Bash: Move specific line of content in file to the top of the file

I'm making a script (in vim) that goes through a file and looks for a specific line. If the line matches, I want it to be moved to the top of the file.

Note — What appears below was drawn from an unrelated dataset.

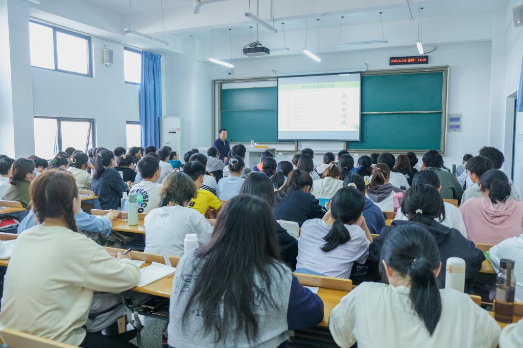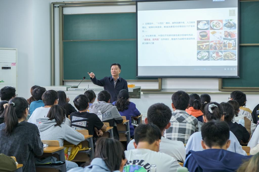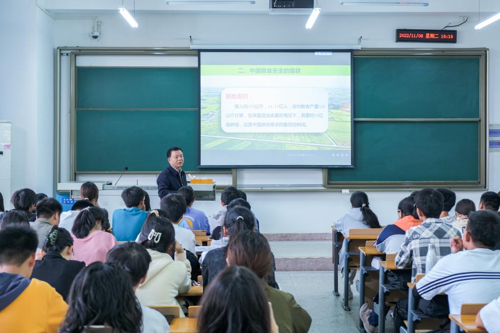 接着,姚江林从粮食产量、耕地面积两个方面着手,剖析中国粮食现状。他谈到,从2015年到现在我国粮食产量连续七年保证在粮食安全线以上,人均粮食占有量高于世界平均水平。我国超高的粮食自给率需要健全的粮食储备系统,他表示,“粮食的生产、加工和储备的全产业链怎么衔接,这是在座每一位同学需要思考并解决的问题。”

The file looks something like this:
6596628c9cbab49b80d6a07d0304377768f5114e7f8b21edffa820aab1c508be, ./favicon.ico
150a04dd76f733e5ef05ece49de115d05f71efa8e73025e015dd4e0fb3217553, ./about.php
28acfc4b0d378c22a2c0e4913cae3d15aef9b21938de81be92f74aef85b0cc0e, ./info.php
67976bbbd1b62a00d454da3a9f95e72d97d0fd156d4c65a12707f2602cbea582, ./missing.php
6ed318718f4cc617c82121db7cde54188eac6f89c355f0bfe9d198218de7fffc, ./browse.php
abd277cc3453be980bb48cbffe9d1f7422ca1ef4bc0b7d035fda87cea4d55cbc, ./composer.phar
73ac79eccac12120dc601cd6cce1282a1d8a920d440d3d1141d257db1ed4b0f0, ./search.php
f412aabd74f4c99bd32c5e534132c565f52c2bd32fbf7f629eb5a4495ac46351, ./index.php
c2d49a4873088fbe635d8653494f7f1425b6ad9f55d63ee4de52170d8a8d01b8, ./content/style.css
18e7d61367d80bc125b309ac002bb3946c5e7ba419ef59537afc939eff799dfd, ./content/logo.png
d8da15f62d55641320f7e7c21d9be86db6d81f7667bbd35c738b4c917cad3ce9, ./robots.txt
How would I be able to move the content on line 8 (index.php) to the top so it looks like this:
f412aabd74f4c99bd32c5e534132c565f52c2bd32fbf7f629eb5a4495ac46351, ./index.php
6596628c9cbab49b80d6a07d0304377768f5114e7f8b21edffa820aab1c508be, ./favicon.ico
150a04dd76f733e5ef05ece49de115d05f71efa8e73025e015dd4e0fb3217553, ./about.php
28acfc4b0d378c22a2c0e4913cae3d15aef9b21938de81be92f74aef85b0cc0e, ./info.php
67976bbbd1b62a00d454da3a9f95e72d97d0fd156d4c65a12707f2602cbea582, ./missing.php
6ed318718f4cc617c82121db7cde54188eac6f89c355f0bfe9d198218de7fffc, ./browse.php
abd277cc3453be980bb48cbffe9d1f7422ca1ef4bc0b7d035fda87cea4d55cbc, ./composer.phar
73ac79eccac12120dc601cd6cce1282a1d8a920d440d3d1141d257db1ed4b0f0, ./search.php
c2d49a4873088fbe635d8653494f7f1425b6ad9f55d63ee4de52170d8a8d01b8, ./content/style.css
18e7d61367d80bc125b309ac002bb3946c5e7ba419ef59537afc939eff799dfd, ./content/logo.png
d8da15f62d55641320f7e7c21d9be86db6d81f7667bbd35c738b4c917cad3ce9, ./robots.txt
(The file contains about 9000 lines)
How can this be done most efficiently?
I think can use sed to do the operations needed:
This command will be used to get the content in the file at specific line
sed -n "$LINE_NUMBER"p "$FILENAME"
This command will be used to delete the content of the file at specified line
sed -i.bak -e "$LINE_NUMBER"'d' "$FILENAME"
And finally, this command will be used to append a string to the top of a file
sed -i -e "1i${LINE_CONTENT}" "$FILENAME"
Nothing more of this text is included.